Saturday, September 20th, 2008

Apparently my new firmware has Microsofts Voice Command built-in. Which means that I can say “Call Tracie” and it will call her. Other commands include “What is my next appointment?”, “What is my signal strength?”, “Read messages” etc.

Now all I need is an equivalent that is scriptable, and I will be able to rule the world through my bluetooth headset.

I am Borg?

Friday, September 19th, 2008

I’ve seen some of you poking fun at people with bluetooth headsets, and I’ve joined in from time to time, but I think I only did so because headsets were the popular thing to hate, like the 9mm or Pokemon.

It started last night. I was looking for a piece of Windows Mobile software I had been telling my uncle about, and along the way found a bunch of shiny new freeware playthings for my AT&T Tilt. One of them locked up my phone. Hard. So hard that I had to do a wipe of the system memory. Normally this is not a big deal since you’d have a backup of your contacts, etc on Outlook where you last synced the PDA. But I don’t have Outlook. I also never got around to getting one of those nice programs that backs up your contacts to your flash card.
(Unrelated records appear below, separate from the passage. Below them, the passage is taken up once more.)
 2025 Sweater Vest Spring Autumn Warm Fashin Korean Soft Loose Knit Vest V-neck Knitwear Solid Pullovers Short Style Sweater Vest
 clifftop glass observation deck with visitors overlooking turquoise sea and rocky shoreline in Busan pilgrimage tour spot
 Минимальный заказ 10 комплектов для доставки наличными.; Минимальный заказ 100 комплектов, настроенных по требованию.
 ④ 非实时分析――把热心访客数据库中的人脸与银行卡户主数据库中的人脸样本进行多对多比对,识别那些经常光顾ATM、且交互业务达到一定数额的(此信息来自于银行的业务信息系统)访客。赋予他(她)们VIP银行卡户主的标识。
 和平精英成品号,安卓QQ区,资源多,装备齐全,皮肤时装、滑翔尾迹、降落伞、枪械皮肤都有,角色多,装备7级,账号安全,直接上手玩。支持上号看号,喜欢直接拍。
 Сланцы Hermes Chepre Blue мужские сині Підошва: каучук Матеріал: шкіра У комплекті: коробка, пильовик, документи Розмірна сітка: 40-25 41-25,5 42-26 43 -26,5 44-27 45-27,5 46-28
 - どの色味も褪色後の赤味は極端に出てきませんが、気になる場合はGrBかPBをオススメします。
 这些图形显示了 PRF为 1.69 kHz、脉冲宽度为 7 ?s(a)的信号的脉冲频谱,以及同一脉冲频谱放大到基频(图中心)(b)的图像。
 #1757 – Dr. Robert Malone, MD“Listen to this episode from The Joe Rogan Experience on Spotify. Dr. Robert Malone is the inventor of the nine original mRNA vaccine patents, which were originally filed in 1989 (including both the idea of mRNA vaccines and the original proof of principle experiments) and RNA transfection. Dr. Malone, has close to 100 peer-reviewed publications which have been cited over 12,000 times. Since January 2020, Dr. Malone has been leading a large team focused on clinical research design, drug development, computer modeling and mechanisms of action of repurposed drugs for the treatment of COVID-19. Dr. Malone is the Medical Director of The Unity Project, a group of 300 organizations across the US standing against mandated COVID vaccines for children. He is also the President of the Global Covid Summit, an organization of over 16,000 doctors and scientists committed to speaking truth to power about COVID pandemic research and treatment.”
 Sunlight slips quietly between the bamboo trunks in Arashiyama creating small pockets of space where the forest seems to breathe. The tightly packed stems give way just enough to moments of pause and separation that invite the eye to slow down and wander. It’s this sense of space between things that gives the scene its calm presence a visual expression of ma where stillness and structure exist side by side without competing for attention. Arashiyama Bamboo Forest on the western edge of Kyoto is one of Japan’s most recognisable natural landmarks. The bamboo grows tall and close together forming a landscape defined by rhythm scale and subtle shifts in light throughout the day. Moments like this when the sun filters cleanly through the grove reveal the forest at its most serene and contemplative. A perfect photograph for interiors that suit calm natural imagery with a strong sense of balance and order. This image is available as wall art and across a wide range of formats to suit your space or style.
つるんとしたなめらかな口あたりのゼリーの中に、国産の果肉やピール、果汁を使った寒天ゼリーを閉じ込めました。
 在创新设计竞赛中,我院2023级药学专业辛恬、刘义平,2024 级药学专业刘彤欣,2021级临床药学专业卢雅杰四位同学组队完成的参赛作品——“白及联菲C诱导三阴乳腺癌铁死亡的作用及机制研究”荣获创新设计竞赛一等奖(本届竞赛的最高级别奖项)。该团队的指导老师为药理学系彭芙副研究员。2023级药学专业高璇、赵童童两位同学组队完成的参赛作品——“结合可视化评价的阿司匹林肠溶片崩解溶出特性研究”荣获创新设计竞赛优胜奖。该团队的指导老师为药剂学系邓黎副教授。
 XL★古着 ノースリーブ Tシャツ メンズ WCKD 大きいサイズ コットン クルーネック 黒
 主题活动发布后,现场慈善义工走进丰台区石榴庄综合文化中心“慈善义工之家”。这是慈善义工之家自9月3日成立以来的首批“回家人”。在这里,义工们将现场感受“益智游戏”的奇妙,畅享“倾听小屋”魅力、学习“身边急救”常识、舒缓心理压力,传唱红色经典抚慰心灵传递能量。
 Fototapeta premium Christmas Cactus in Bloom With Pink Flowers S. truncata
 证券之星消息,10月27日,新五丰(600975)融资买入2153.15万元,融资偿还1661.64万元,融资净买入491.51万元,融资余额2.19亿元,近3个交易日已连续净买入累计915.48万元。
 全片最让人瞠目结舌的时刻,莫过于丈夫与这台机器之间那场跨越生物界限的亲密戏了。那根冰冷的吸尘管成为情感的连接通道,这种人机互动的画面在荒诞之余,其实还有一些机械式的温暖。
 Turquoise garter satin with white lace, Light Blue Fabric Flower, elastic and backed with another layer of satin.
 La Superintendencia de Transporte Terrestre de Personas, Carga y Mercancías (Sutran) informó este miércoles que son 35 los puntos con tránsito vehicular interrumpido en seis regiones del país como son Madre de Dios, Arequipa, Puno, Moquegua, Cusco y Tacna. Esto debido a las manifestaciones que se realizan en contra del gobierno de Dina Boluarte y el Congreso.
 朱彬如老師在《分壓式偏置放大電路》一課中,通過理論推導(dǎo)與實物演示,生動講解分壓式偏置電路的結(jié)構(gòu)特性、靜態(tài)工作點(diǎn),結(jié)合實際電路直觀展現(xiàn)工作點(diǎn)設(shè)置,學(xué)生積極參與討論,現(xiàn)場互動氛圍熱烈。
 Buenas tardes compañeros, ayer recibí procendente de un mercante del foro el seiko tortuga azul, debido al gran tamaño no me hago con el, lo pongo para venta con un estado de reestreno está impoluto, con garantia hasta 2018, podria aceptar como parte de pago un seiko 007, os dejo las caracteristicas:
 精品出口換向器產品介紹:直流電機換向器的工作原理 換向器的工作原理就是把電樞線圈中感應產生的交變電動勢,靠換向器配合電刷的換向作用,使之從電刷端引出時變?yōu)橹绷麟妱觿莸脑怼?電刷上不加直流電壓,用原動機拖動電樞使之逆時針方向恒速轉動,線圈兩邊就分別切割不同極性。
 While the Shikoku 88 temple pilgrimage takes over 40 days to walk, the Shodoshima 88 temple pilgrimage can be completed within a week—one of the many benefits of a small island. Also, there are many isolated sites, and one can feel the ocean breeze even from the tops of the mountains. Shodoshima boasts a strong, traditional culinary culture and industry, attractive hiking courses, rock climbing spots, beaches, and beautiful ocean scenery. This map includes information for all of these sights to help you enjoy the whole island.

So I uh, guess now’s as good a time as ever to do those firmware upgrades, huh?

Long story short, I found a program that tricks your phone into playing an MP3 over a bluetooth headset. I’m not planning to listen to the White Stripes over a mono bluetooth audio signal, but it seems like a dang handy thing for listening to audiobooks while doing housework or (maybe?) sitting at my desk at work. When a phone call comes in, it reads the name of the caller, and I press the button on my ear to pause the audio file and pick up the phone.

That’s a neat capability, but it’s not worth buying the $35 headset on its own. So why did I swallow my pride and get one? I suppose that the best way of putting it is that I have a certain technology fetish: a pipe dream that nobody is likely to make happen for me any time soon, but which I’ll still spend unhealthy amounts of time fantasizing about.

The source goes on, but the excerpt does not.